9. Unterstützung und Beratung bei organisatorischen und technischen Sicherheitsmaßnahmen sowie Durchführung von technischen Prüfungen zum Schutz amtlich geheim gehaltener Informationen nach § 4 des Sicherheitsüberprüfungsgesetzes gegen die Kenntnisnahme durch Unbefugte;

10. Entwicklung von sicherheitstechnischen Anforderungen an die einzusetzende Informationstechnik des Bundes und an die Eignung von Auftragnehmern im Bereich von Informationstechnik mit besonderem Schutzbedarf;

11. Bereitstellung von IT-Sicherheitsprodukten für Stellen des Bundes;

12. Unterstützung der für Sicherheit in der Informationstechnik zuständigen Stellen des Bundes, insbesondere soweit sie Beratungs- oder Kontrollaufgaben

wahrnehmen; dies gilt vorrangig für den Bundesbeauftragten für den Datenschutz, dessen Unterstützung im Rahmen der Unabhängigkeit erfolgt, die ihm bei der Erfüllung seiner Aufgaben nach dem Bundesdatenschutzgesetz zusteht;

13. Unterstützung

a) der Polizeien und Strafverfolgungsbehörden bei der Wahrnehmung ihrer gesetzlichen Aufgaben,

b) der Verfassungsschutzbehörden bei der Auswertung und Bewertung von Informationen, die bei der Beobachtung terroristischer Bestrebungen oder nachrichtendienstlicher Tätigkeiten im Rahmen der gesetzlichen Befugnisse nach den Verfassungsschutzgesetzen des Bundes und der Länder anfallen,

c) des Bundesnachrichtendienstes bei der Wahrnehmung seiner gesetzlichen Aufgaben.

Die Unterstützung darf nur gewährt werden, soweit sie erforderlich ist, um Tätigkeiten zu verhindern oder zu erforschen, die gegen die Sicherheit in der Informationstechnik gerichtet sind oder unter Nutzung der Informationstechnik erfolgen.
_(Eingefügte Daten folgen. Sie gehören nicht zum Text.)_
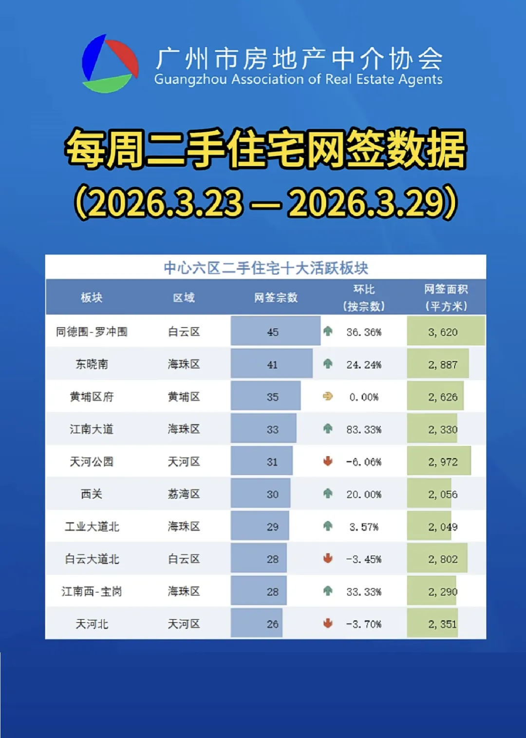 2026年3月23日~2026年3月29日(数据来源:广州市房地产中介协会),部分热点版块网签宗数大部分有所上涨。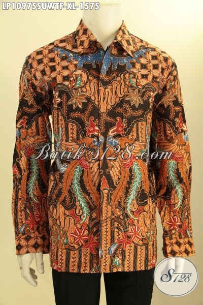 Baju Batik Sutra Pria Dewasa, Kemeja Batik Lengan Panjang Solo Halus Full Furing Motif Klasik Proses Tulis Tangan Asli, Memuat Penampilan Lebih Mewah Dan Berkelas [LP10975SUWTF-XL]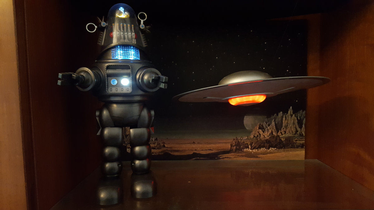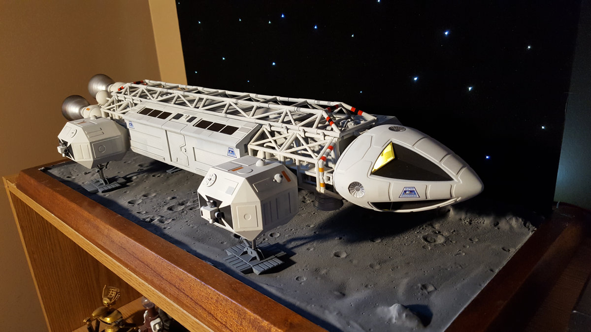 The Eagle, from Space 1999, represents the flip side of the vintage rocket. Its all-business look of exposed machinery and piping is the polar opposite of the sensuous lines and shiny metal of the 50's spaceship. The cratered moon surface of this display was created the same way they did it in the TV series, by flicking drops of water onto wet plaster of paris.
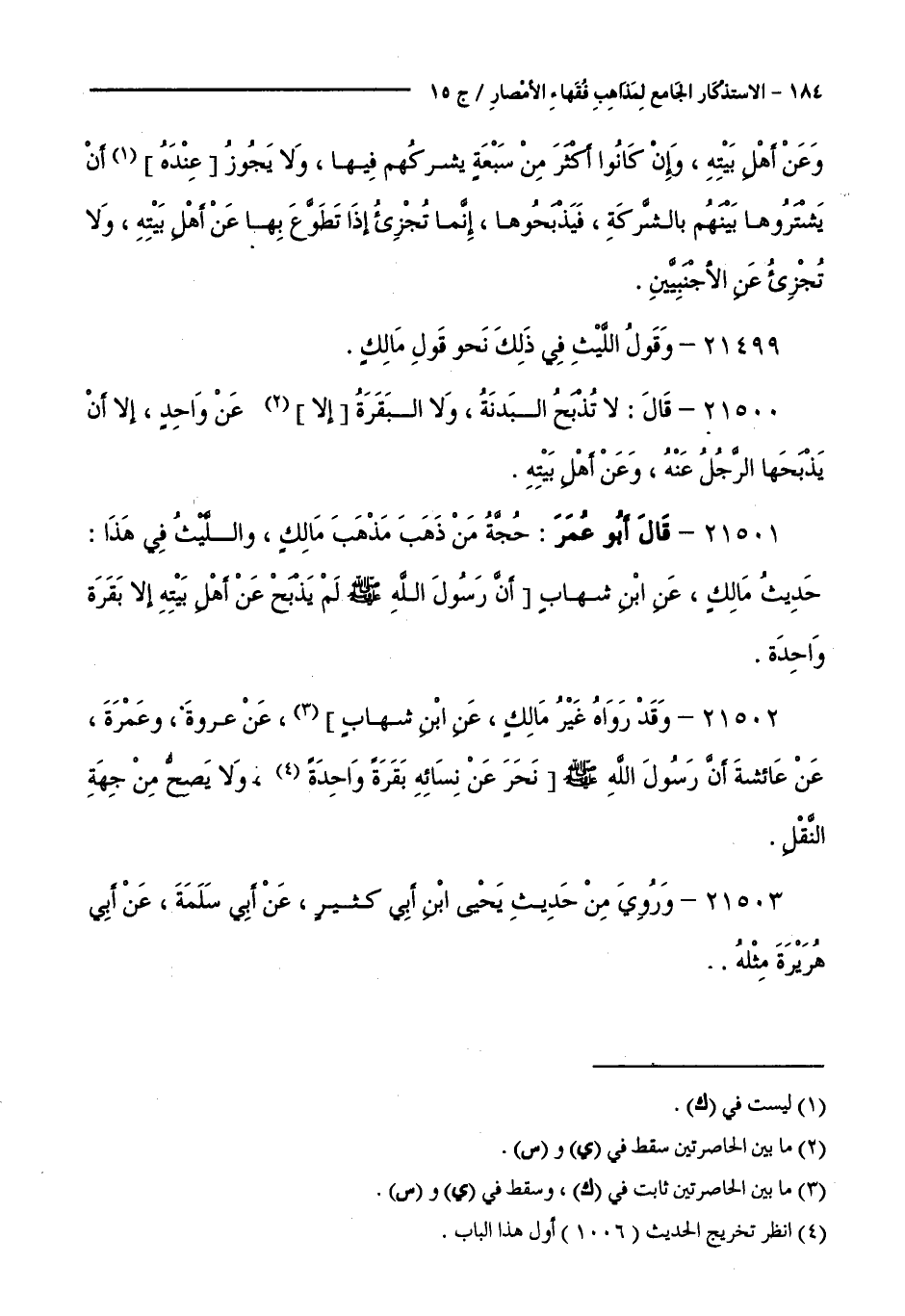 كتاب الاستذكار الجامع لمذاهب فقهاء الأمصار - ت: قلعجي (اسم الجزء: 15)

Die Unterstützungsersuchen sind durch das Bundesamt aktenkundig zu machen;

14. Beratung und Warnung der Stellen des Bundes, der Länder sowie der Hersteller, Vertreiber und Anwender in Fragen der Sicherheit in der Informationstechnik unter Berücksichtigung der möglichen Folgen fehlender oder unzureichender Sicherheitsvorkehrungen;

15. Aufbau geeigneter Kommunikationsstrukturen zur Krisenfrüherkennung, Krisenreaktion und Krisenbewältigung sowie Koordinierung der Zusammenarbeit zum Schutz der kritischen Informationsinfrastrukturen im Verbund mit der Privatwirtschaft."

Gemäß Abs. 2 kann das Bundesamt die Länder auf Ersuchen bei der Sicherung ihrer Informationstechnik unterstützen.

Aufgrund Abs. 4 fungiert das Bundesamt als die zentrale Meldestelle für die Zusammenarbeit der Bundesbehörden in Angelegenheiten der Sicherheit in der Informationstechnik.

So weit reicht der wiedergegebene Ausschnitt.